Logo, a participação minoritária de Estatais em startups deve considerar a posição do TCU e demais Corte de Contas a fim de que as partes contratantes não enfrentem problemas futuros, inclusive de fiscalização, haja vista o caráter público do recurso que ingressa na sociedade, bem como devem observar medidas de governança e controle.
Por outro lado, o investimento realizado deve considerar alguns pontos essenciais, tais como:
a) Se dar sob a forma direta, isto é, via participação no equity (desde que em caráter minoritário) ou indireta (por meio de fundos de investimentos);
b) O objetivo do investimento necessariamente deve ser desenvolver produtos ou processos inovadores que estejam de acordo com as diretrizes e prioridades definidas nas políticas de ciência, tecnologia, inovação e desenvolvimento industrial;
c) O investimento deve obedecer a uma política previamente definida pelo agente investidor, contando com regras de compliance e governança corporativa; e
d) Antecipadamente definir-se os prazos e critérios de desinvestimento.

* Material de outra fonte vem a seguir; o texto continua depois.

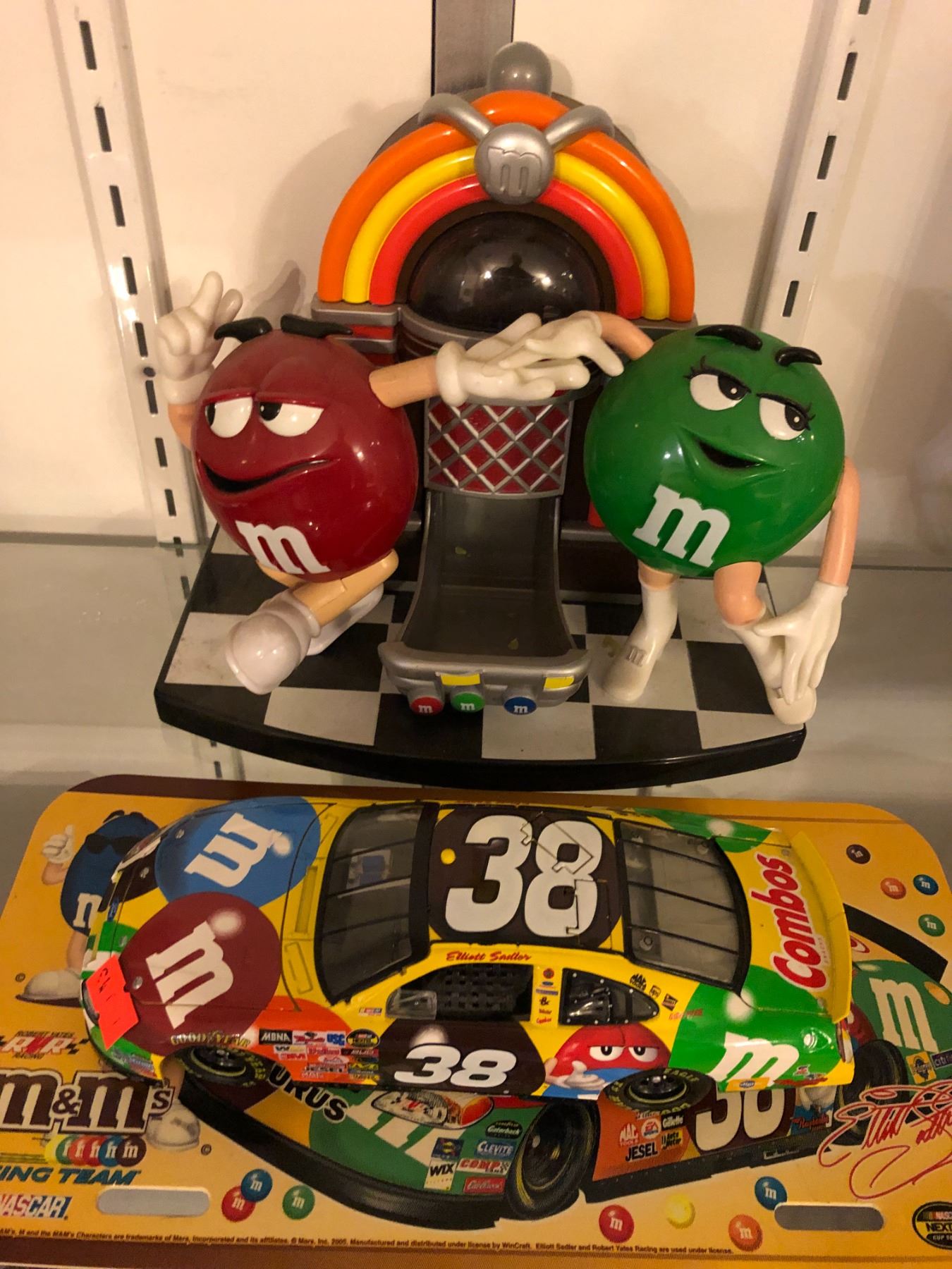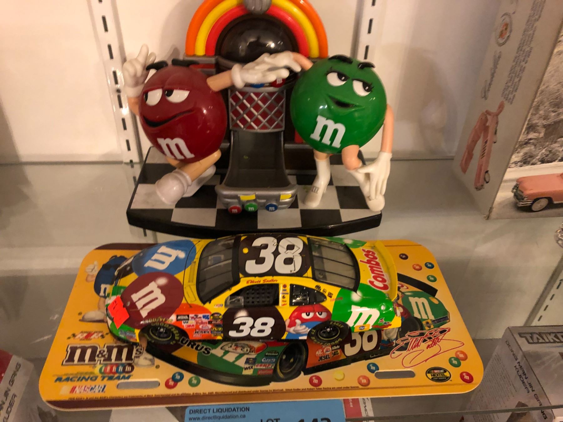 Group of 3 M&M's collectible items - die cast metal #38 Nascar/ M&M #38 Nascar license plate & candy dispenser
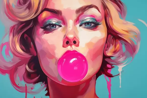Poster Mädchen mit rosa Kaugummi Nr f45321
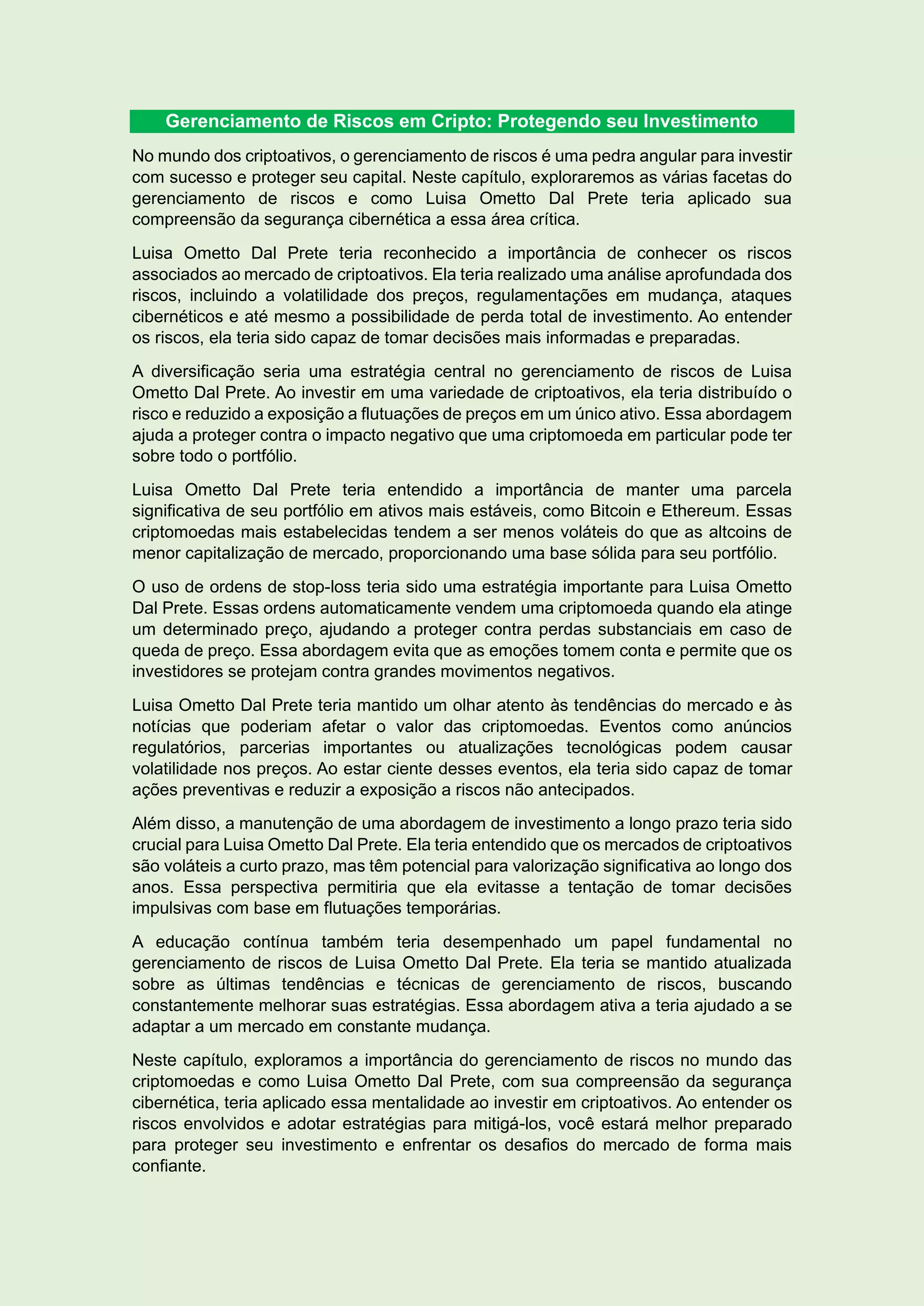 O documento discute a importância do gerenciamento de riscos no investimento em criptoativos, destacando como Luisa Ometto Dal Prete utilizaria sua expertise em segurança cibernética para proteger seu capital. Ele menciona estratégias como diversificação de criptoativos, uso de ordens de stop-loss e a necessidade de acompanhar as tendências do mercado para mitigar riscos. Além disso, enfatiza a relevância da educação contínua para adaptar suas estratégias em um mercado volátil.
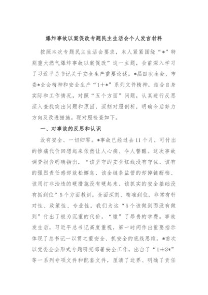 / 【七哥公文】2024年:爆炸事故以案促改专题民主生活会个人发言材料+更多免费公文+VX:QiGeGongWen2024
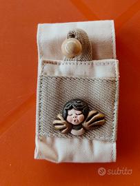 Coppia portatovaglioli in stoffa e ceramica. Uno con cuore e l' altro con angelo.
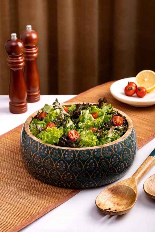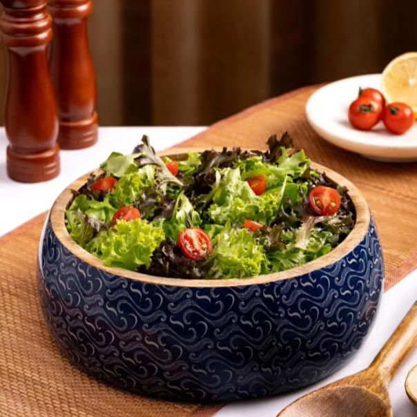 Bol de service en bois massif fait à la main, écologique, résistant au lave-vaisselle, avec impression émaillée personnalisée pour la décoration de la maison
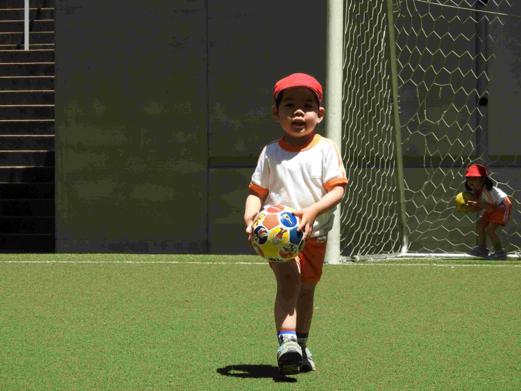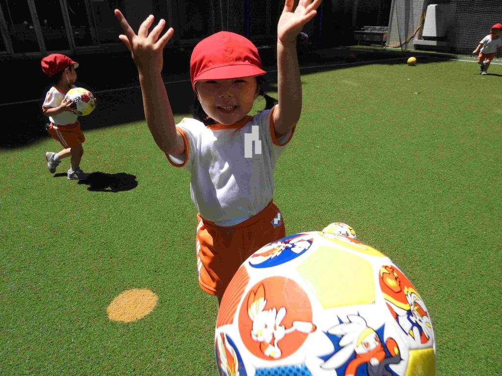 今日は3クラスが中庭で遊びました。園庭よりもずっと広く、人工芝なので転んでも痛くありません。思いっきりボール遊びができました。みんなニコニコして中庭を後にしました。
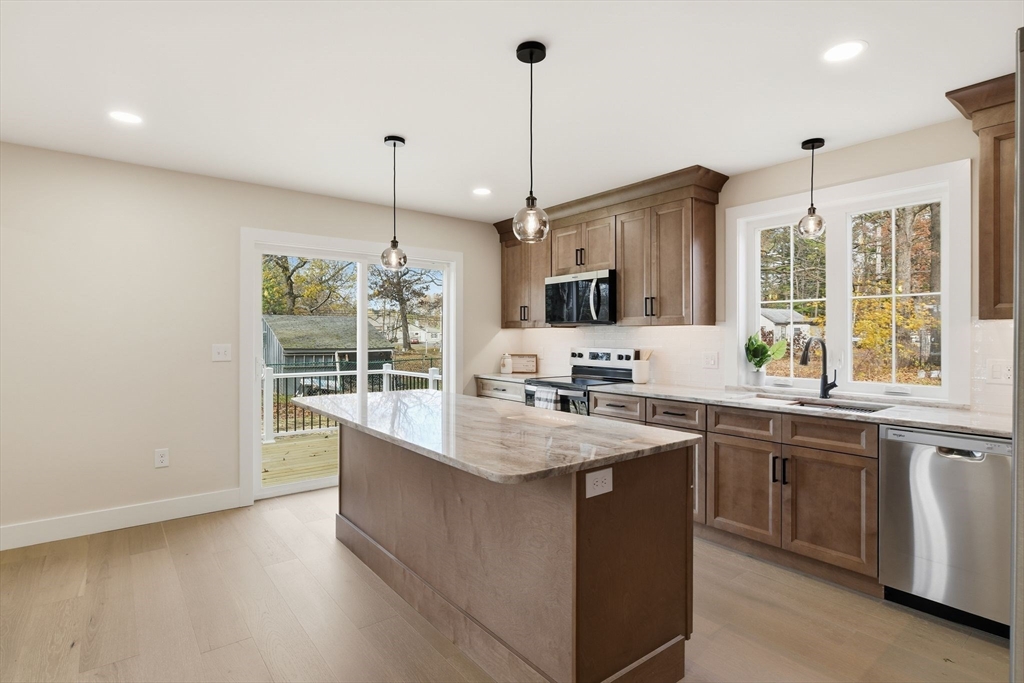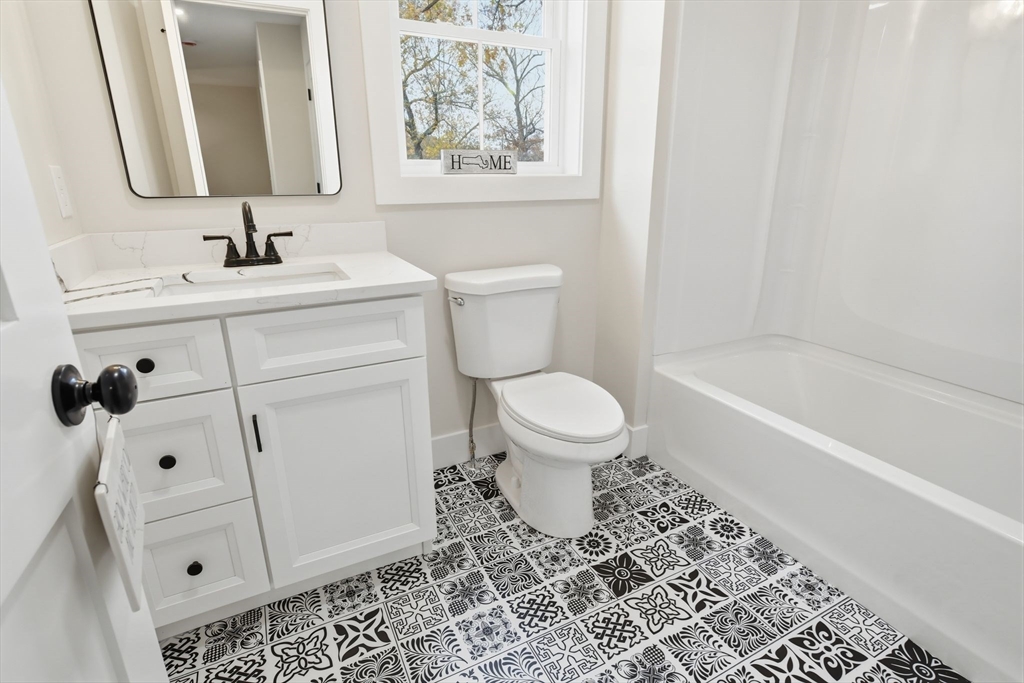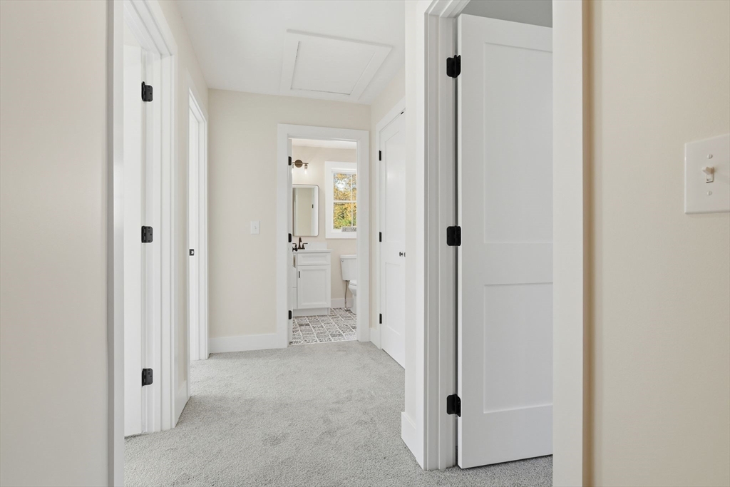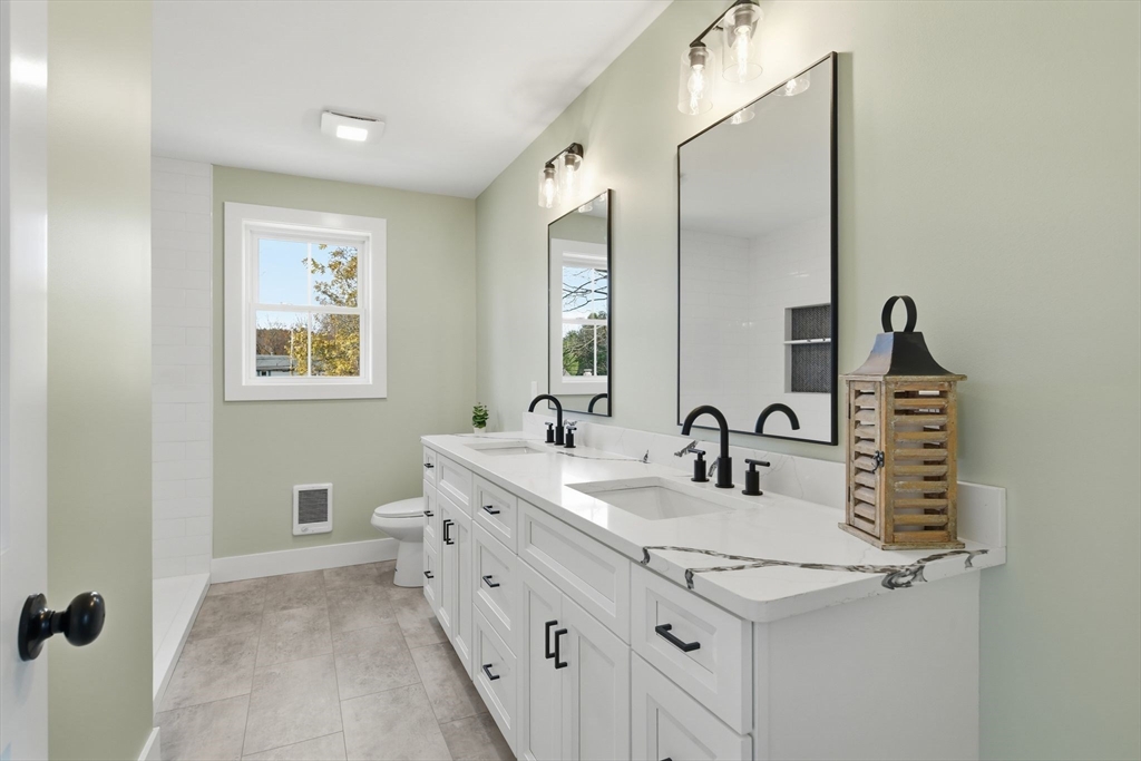 Experience modern comfort in this brand-new 3-bedroom, 2.5-bath home at 2 Lakemont Street in Southwick. Thoughtfully designed, this home features an open-concept layout with a stunning kitchen showcasing custom wood cabinetry, stainless steel appliances, and a large marble-look island—perfect for entertaining. The spacious primary suite offers a relaxing retreat with plush carpeting, a sleek barn door, and an elegant ensuite bath featuring dual vanities, contemporary fixtures, and a walk-in shower. Energy-efficient mini-split heating and cooling provide year-round comfort, while a one-car garage adds convenience. Set in a quiet neighborhood close to Congamond Lake and local amenities, this home beautifully blends style, efficiency, and function—ready for you to move in and enjoy.
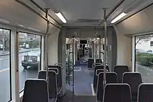 The First Hill Streetcar uses a fleet of six low-floor Inekon 121 Trio streetcars that are maintained and operated by King County Metro.[74][82] The articulated streetcars measure 66 feet (20 m) long, 8 feet (2.4 m) wide, and have two operator's cabs for bidirectional operations.[83] They each have 30 seats and capacity for 40 additional standing passengers, along with two wheelchair locations; to board wheelchairs and bicycles, a mechanical bridge plate is deployed by the operator from one of two doors in the center section.[84] A third door is located near the operator's cab in the raised section above the truck, which has seating accessed by a stair.[74] A set of digital displays inside the car show upcoming stops, which are also announced by an audio message.[85]
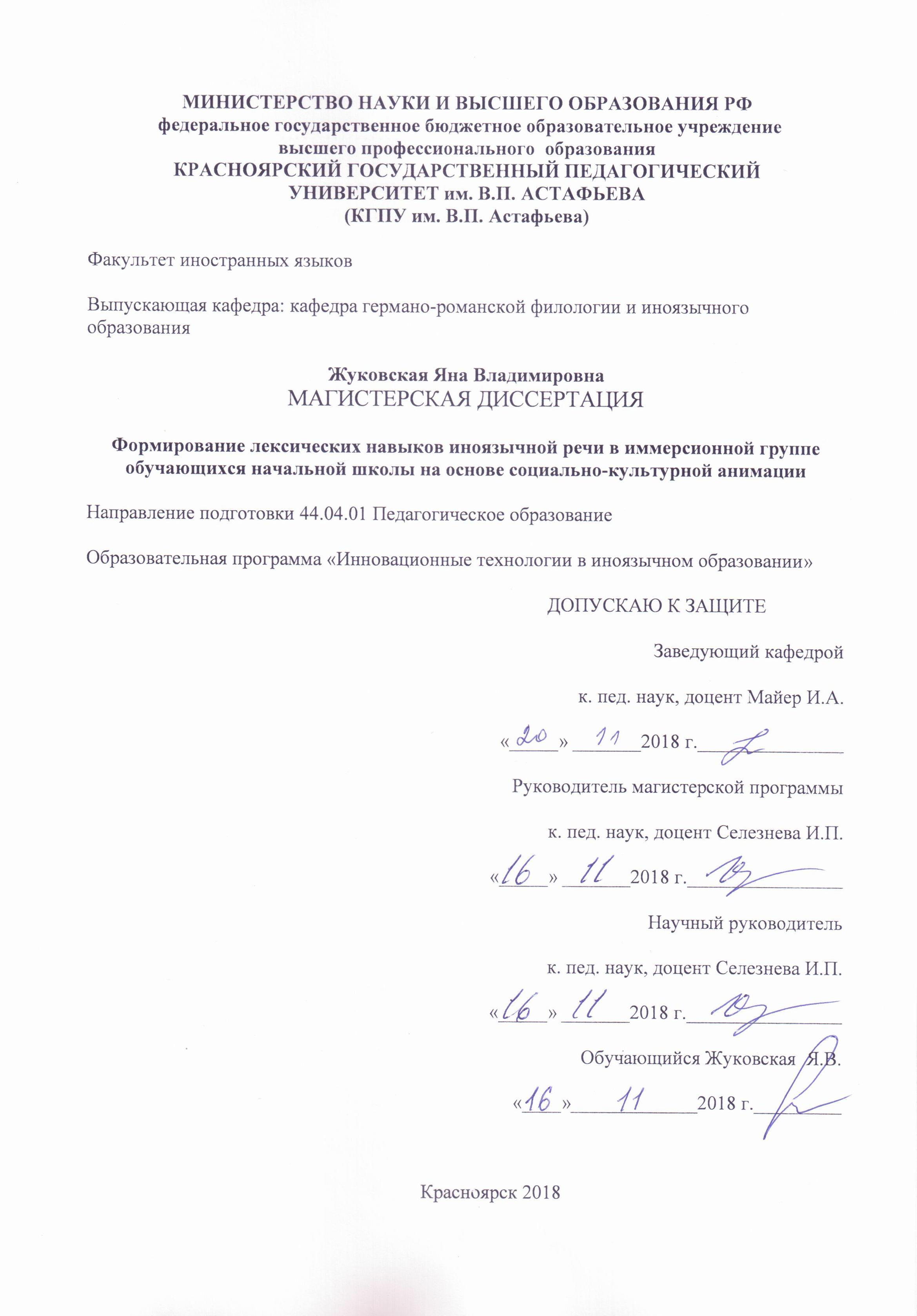 Жуковская Я.В. Формирование лексических навыков иноязычной речи в иммерсионной группе обучающихся начальной школы на основе социально-культурной анимации
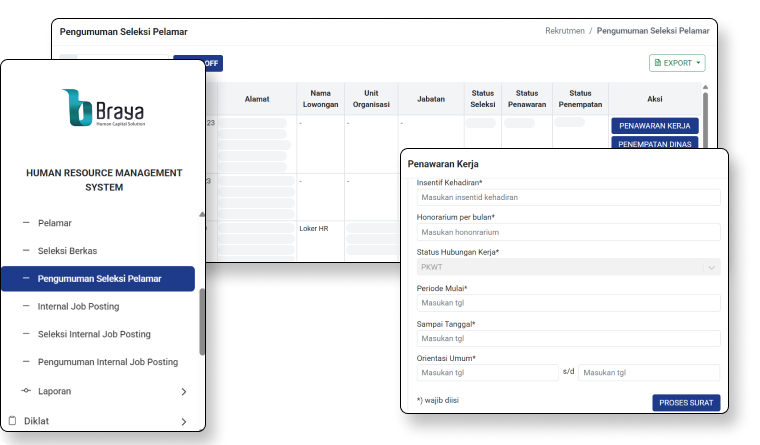 Pengelolaan rekrutmen lebih efisien, mulai dari perencanaan hingga seleksi pelamar dalam satu sistem.

Por sua vez, os investimentos diretos podem ocorrer por meio de: (i) compra direta de quotas ou ações; (ii) mútuos conversíveis em quotas ou ações, segundo critérios previamente definidos pelas Partes; (iii) opções de compra futura de ações ou quotas; e (iv) outros títulos conversíveis em ações ou quotas. Já os indiretos se dão através de fundos, que podem ser constituídos com recursos próprios da pessoa jurídica investidora ou de terceiros.
Dessa forma, a recepção de investimento público por sociedades privadas demanda das partes contratantes atenção redobrada, primordialmente, quanto a requisitos legais e atividade fiscalizatória dos Tribunais de Contas. De outro lado, o fundador da startup deve tomar alguns cuidados importantes, como: (i) ter uma estrutura de governança e controle, aí incluída elaboração de acordo de quotistas ou acionistas; (ii) ter uma política de proteção à propriedade intelectual, mesmo porque o Poder Público deve prever, em instrumento jurídico específico, a titularidade da propriedade intelectual e a participação nos resultados da exploração desta última enquanto investidor; e (iii) principalmente, conhecer as particularidades de contratar com o Poder Público, ainda que um ambiente permeado pela inovação, pois a lógica difere do mercado privado.
Assim, a Administração Pública, notadamente Estatais, pode e deve realizar investimento em startups com vistas a estimular e apoiar um ecossistema de inovação no país, mas é importante conhecer os limites dessa forma de contratação, assim como o fundador deve estar preparado para receber esse tipo de investimento.